WHAT IS REQUIRED: Starting with the first line below, extract each line through the one that contains "今日の給食は玄米ご飯・牛乳・", inclusive, excluding pictures.

DATA EXTRACTS:
■ ■ ■ ■
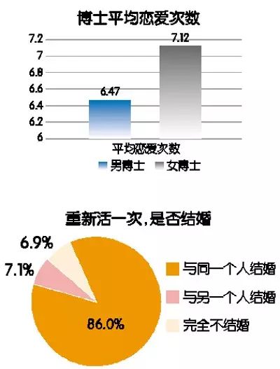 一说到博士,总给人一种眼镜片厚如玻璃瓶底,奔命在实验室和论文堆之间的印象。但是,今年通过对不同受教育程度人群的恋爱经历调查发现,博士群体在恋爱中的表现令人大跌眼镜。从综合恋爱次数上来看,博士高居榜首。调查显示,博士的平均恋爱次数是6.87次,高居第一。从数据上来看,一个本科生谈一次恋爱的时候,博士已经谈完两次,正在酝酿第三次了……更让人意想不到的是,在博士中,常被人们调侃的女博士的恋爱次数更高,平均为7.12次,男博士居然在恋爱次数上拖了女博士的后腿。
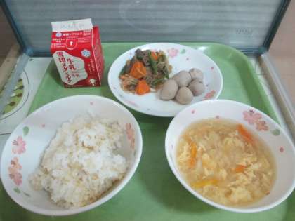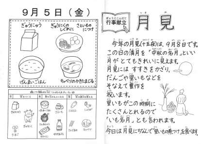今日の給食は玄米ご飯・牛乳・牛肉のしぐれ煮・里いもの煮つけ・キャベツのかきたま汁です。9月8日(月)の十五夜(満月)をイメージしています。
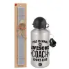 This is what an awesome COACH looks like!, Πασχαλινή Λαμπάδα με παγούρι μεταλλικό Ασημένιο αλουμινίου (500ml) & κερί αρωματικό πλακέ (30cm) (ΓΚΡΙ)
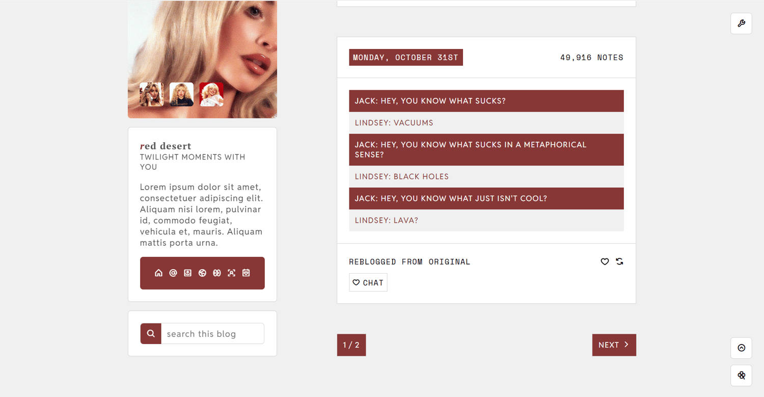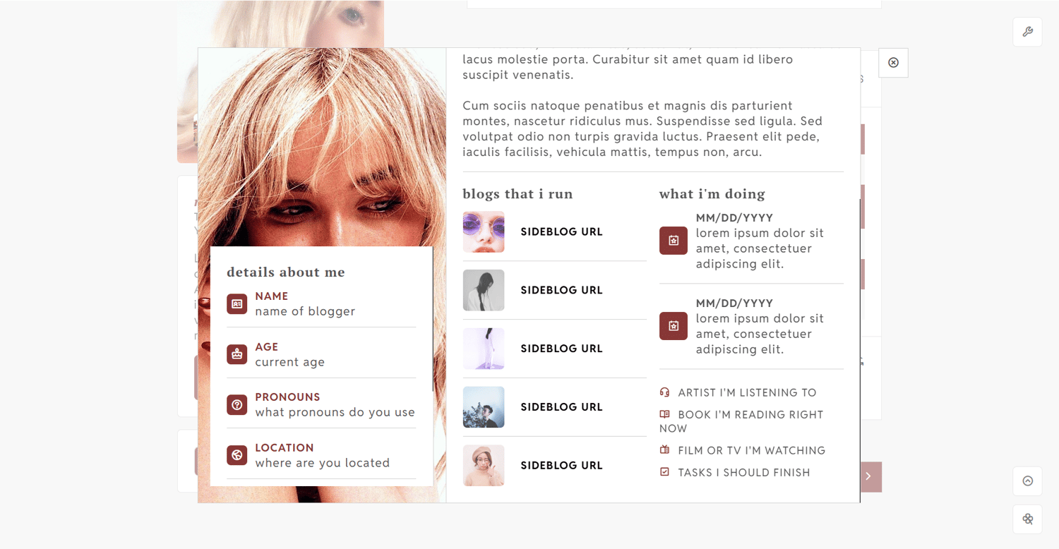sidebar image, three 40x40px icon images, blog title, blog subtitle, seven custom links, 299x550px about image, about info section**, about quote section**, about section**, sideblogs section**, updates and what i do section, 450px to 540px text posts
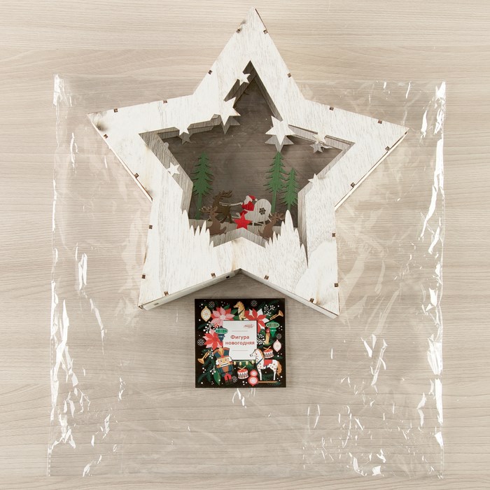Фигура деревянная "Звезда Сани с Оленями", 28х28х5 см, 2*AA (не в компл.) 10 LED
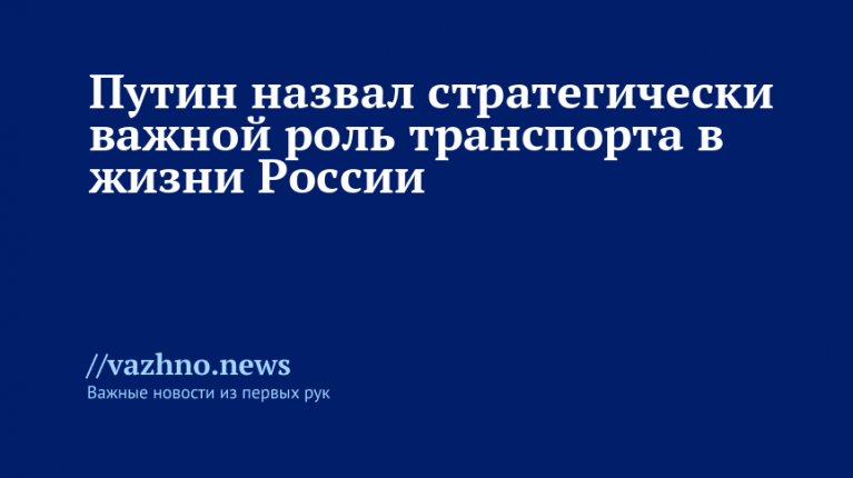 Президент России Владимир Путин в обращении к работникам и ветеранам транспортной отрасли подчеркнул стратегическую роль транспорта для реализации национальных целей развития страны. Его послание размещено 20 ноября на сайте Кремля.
■ ■ ■ ■
RESPONSE BOX:
 一说到博士,总给人一种眼镜片厚如玻璃瓶底,奔命在实验室和论文堆之间的印象。但是,今年通过对不同受教育程度人群的恋爱经历调查发现,博士群体在恋爱中的表现令人大跌眼镜。从综合恋爱次数上来看,博士高居榜首。调查显示,博士的平均恋爱次数是6.87次,高居第一。从数据上来看,一个本科生谈一次恋爱的时候,博士已经谈完两次,正在酝酿第三次了……更让人意想不到的是,在博士中,常被人们调侃的女博士的恋爱次数更高,平均为7.12次,男博士居然在恋爱次数上拖了女博士的后腿。
今日の給食は玄米ご飯・牛乳・牛肉のしぐれ煮・里いもの煮つけ・キャベツのかきたま汁です。9月8日(月)の十五夜(満月)をイメージしています。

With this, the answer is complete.